Чукка подбежала к Рэй-Шуа с куском мороженого мяса и расцеловала оратора со словами:

– Друг наш, Рэй-Шуа, верю, верю и слово даю тебе, что снова щеки мои розоветь будут и сердце утихнет, успокоюсь я, лишь бы ты спокоен был, как отец. В общем же мне, право, нравится, что мы под снегом живем по медвежьи в берлоге своей и говорим разные веселые слова и не унываем мы, нет. Ведь Хоразы никогда не унывают…

…Еще когда па Соленом Острове, у Джоэ-Абао жила я, и книг твоих не читала, и мысли твои не знала, и тогда не унывала я, а спасения ждала от отца и тебя… И вот вместе мы, и вот неразлучны мы. Как жизни не верить, и друг друга как не любить?

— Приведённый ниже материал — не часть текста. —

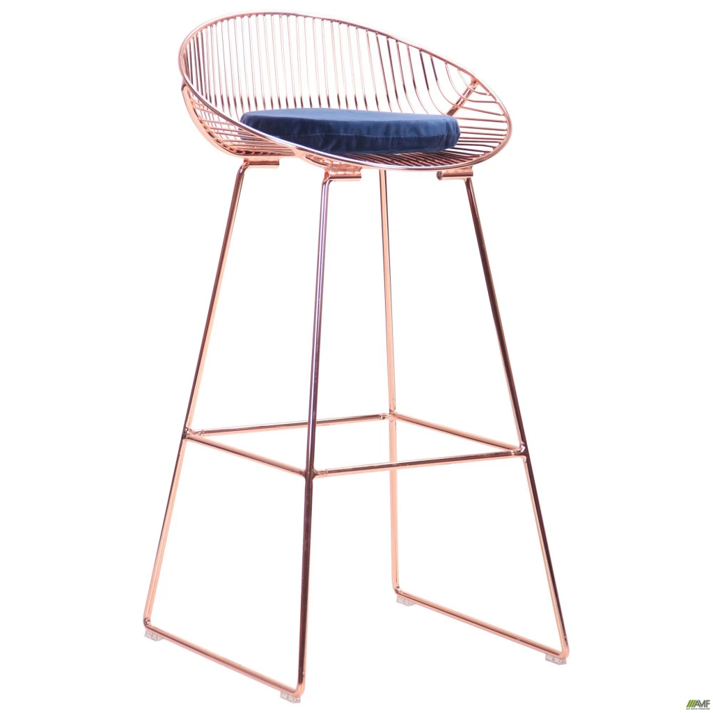 Компактний і високий барний стілець AMF Chik гармонійно впишеться під барну стійку, роблячи приміщення стильним і сучасним. Каркас стільця виконаний з тонких металевих прутів, що рівномірно утворюють спинку. Сталеві ніжки для стійкості з'єднані міцним сталевим прутом. Стілець має м'яку накладку на сидіння блакитного кольору, яка красиво поєднується з металевими елементами унікального кольору Rose Gold. Подушка сидіння зйомна.

Молча Рэй-Шуа, но с жаром, поцеловал плечо Чукки, отошедшей готовить обед.

– А завтра, или чуть позже, – утешал Хорт, – мы отгребем снег, заготовим дров, настреляем зайцев, заморозим их, как морозили шампанское в былое время, и вдоволь нагулявшись на лыжах по снежным пуховикам, по сугробам, засядем за заячий ужин, а в землянке разведем тропическое тепло, будто в Австралии под Козерогом, закурим трубки и пофилософствуем о вообще…

– Браво, Хорт Джойс, – ожил Рэй-Шуа, – твоя душа чертовски молодеет с каждым часом.

– Стой. Не хочешь ли ты сказать, – перебил Хорт, подняв топор, – что от старости я впал в естественное детство. Ну, ну? Или я не сумею доказать, что юность, светлая юность живет во мне, а не детство.

– Докажи, докажи, – заторопили Чукка и Рэй-Шуа.

Хорт быстро оделся, взял длинную веревку, топор и вышел в сени, посвистывая.

Чукка и Рэй-Шуа наблюдали.

Из сеней Хорт открыл дверь в чулан, где хранились разные припасы, мотор от лодки, инструменты и всякая всячина, и все это перетаскал частью в сени, частью в хижину.

Потом в верхней стене чулана, что возвышалась над землей, начал рубить четырехугольное оконное отверстие.

Прорубив, Хорт лопатой стал, выгребая снег в чулан, проделывать снежный коридорчик, в который скоро забрался, как крот, продолжая сбоку выкидывать снег.

Чукка и Рэй-Шуа мерзли и хохотали.

Диана рвалась в снежную нору к Хорту, очевидно полагая, что Хорт зачуял без ее ведома какого-то зверя.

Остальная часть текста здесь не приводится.